All I can tell you right now is that we see similar things.

Post by **EWMarco** » Mar 30, 2023 6:59 am this post

I think it's a grave oversight that some things are not displayed in the job transcripts... like checkpoint cleanups. You only get to see a message, when it fails. And since some of them take a day or more, they usually get interrupted by the next backup cycle.

I have no idea what that does to data integrity but I'm assuming we keep loosing literal days on our offloading on things like this.

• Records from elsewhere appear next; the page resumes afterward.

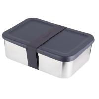 Ланч-бокс виготовлений із нержавіючої сталі, кришка – з поліпропілену. Додатково має силіконову петлю для утримання кришки. Ідеально підійде для пікніків. Підходить для миття у посудомийній машині.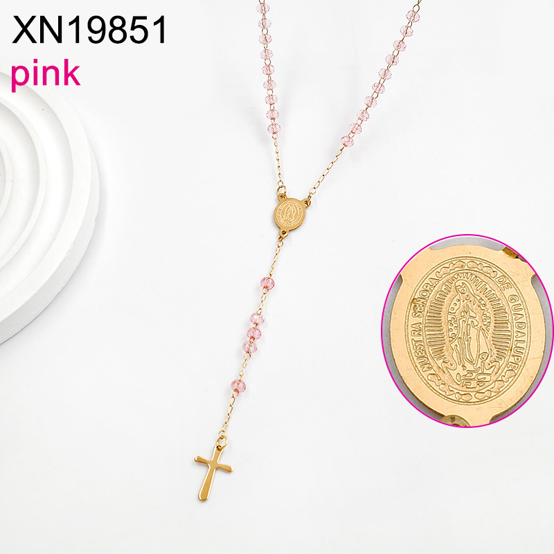 Level B Stainless Steel New Trendy Women Jewelry Pink Bead Chain Religion Cross Golden Necklace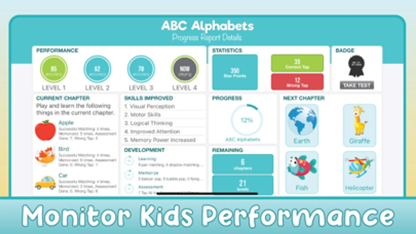 - Pre-made assessment in each level to verify the kids' learning & memorization progress.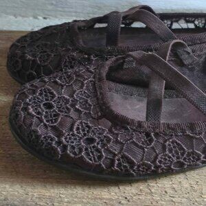 Cute brown floral lace Soho flats size 8. They have some discoloration inside.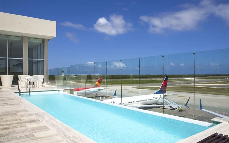 PUJ airport lounge pool with runway view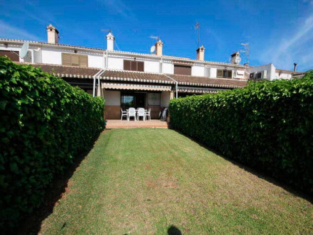 Se trata de una casa con 125m2 construidos, además cuenta con piscina y jardines comunitarios y un espacio con césped privado. En la casa encontramos tres dormitorios, dos baños, armarios empotrados, terraza con toldo, garaje, trastero y cristales de doble acristalamiento.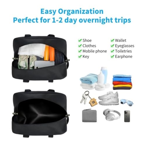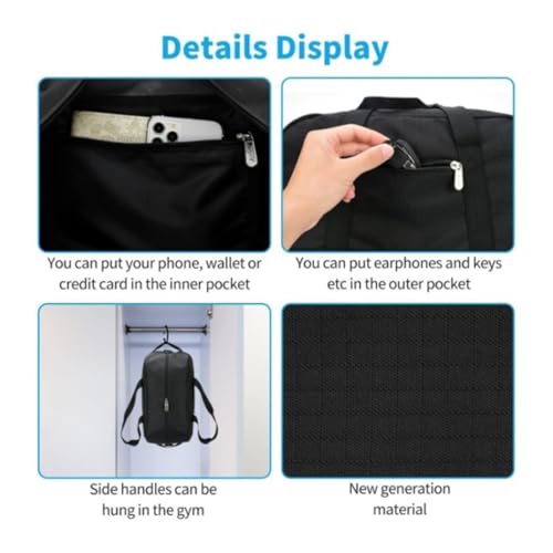 • The small weekend travel bag also comes with an adjustable PU Leather shoulder strap. Back side with a trolley sleeve allows to keep the tote attached to your roller bag or trolley luggage.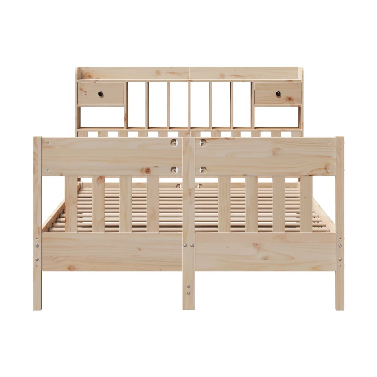 ¡Disfruta de una buena noche de sueño en esta estructura de cama de madera! Es un aporte práctico y decorativo para la casa. Estructura estable y duradera: La madera de pino maciza es conocida por su resistencia y durabilidad. Sus vetas rectas y sus característicos nudos contribuyen a su encanto rústico.Somier de láminas para un soporte óptimo: El base de cama está equipado con un somier de láminas para el apoyo y la transpirabilidad del colchón.Espacio de almacenamiento extra: Este elegante cabecero cuenta con 6 prácticos compartimentos y 2 cajones, lo que ofrece un amplio espacio de almacenamiento para mantener todos tus artículos esenciales de la noche al alcance de la mano. Para mayor comodidad, la cama de madera tiene un espacio adicional debajo para mantener tus cajas de almacenamiento fuera de la vista.Patas estables y duraderas: Este somier está sostenido por patas resistentes, lo que garantiza estabilidad, seguridad y firmeza.Cabecero y estribo de cama funcionales: El cabecero y el estribo de cama mantienen el colchón en su lugar. Además, la cabecera te brinda un excelente soporte para la espalda mientras estás sentado leyendo o mirando la televisión. Información útil:El colchón no está incluido con la cama. Disponemos de una variada selección de colchones. Puedes echar un vistazo a nuestra tienda para buscar el colchón correspondiente.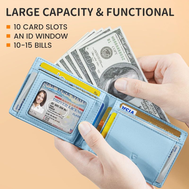 ?Alta capacidad?: el diseño de billetera doble plegable de GSOIAX para hombre tiene 11 ranuras para tarjetas, una bolsa de efectivo y una ventana de identificación, y también mantenemos el tamaño en una durabilidad de 4.5 x 3 x 0.5 pulgadas. Es duradero, resistente al desgaste y a los arañazos.

Post by **Mildur** » Mar 30, 2023 7:10 am this post

Hi @jshapiro

I'm very sorry that you had to wait for two days.
Please let me know if it happens again.

You can also use the Escalate to Support Management option:
https://www.veeam.com/kb2320

Hi @EWMarco
Indeed. Session details don't display everything. There are a lot of background tasks which are only visible in our debug logs.
If you see the same issue, please open a support case and provide me with the case number. Thank you.

Best,
Fabian

jshapiro · Post by **jshapiro** » Mar 30, 2023 12:45 pm this post

I finally heard back from support, and their log analysis possibly revealed something. They noticed that when I upgraded from version 11 to 12, I was set in Direct Mode for connection type to the capacity tier. Support told me to change that to Connect through a gateway server, and then select my preferred gateway(s). In my case, I selected my storage server so it could offload directly to Wasabi over the Internet. I made this change late yesterday, and at the time I did it, I had two offload jobs stuck at 99%. Both wrapped up into the night, and another one started at 2:00 AM this morning and finished very quickly. Maybe this was the issue. Right now, my Veeam server is idle. I will continue to watch it.

Post by **Mildur** » Mar 30, 2023 12:53 pm this post

Hi Jonathan

Thanks for the update.

Best,
Fabian

jshapiro · Post by **jshapiro** » Apr 03, 2023 4:59 pm this post

Seemed to be better for a couple of days, but now I have some offload jobs stuck at 99% again. I updated the ticket notes.

slide999 · Post by **slide999** » Apr 11, 2023 12:01 pm this post

same exact issue..opening ticket. Case # 06003117.

Post by **veremin** » Apr 11, 2023 12:05 pm this post

Kindly post its number here, once it's opened. This way we can follow and assist the investigation. Thanks!

nathanrsafti · Post by **nathanrsafti** » Apr 11, 2023 8:31 pm this post

Been seeing the same thing here ever since upgrading to V12 and switching S3 repo to Gateway per case 05878826. Offloads stuck at 99%, usually takes 24hrs+ to remove a single checkpoint from S3. Everything eventually goes through but very very slow. Seems to be a toss-up whether or not the offloads will complete quickly or stall every night.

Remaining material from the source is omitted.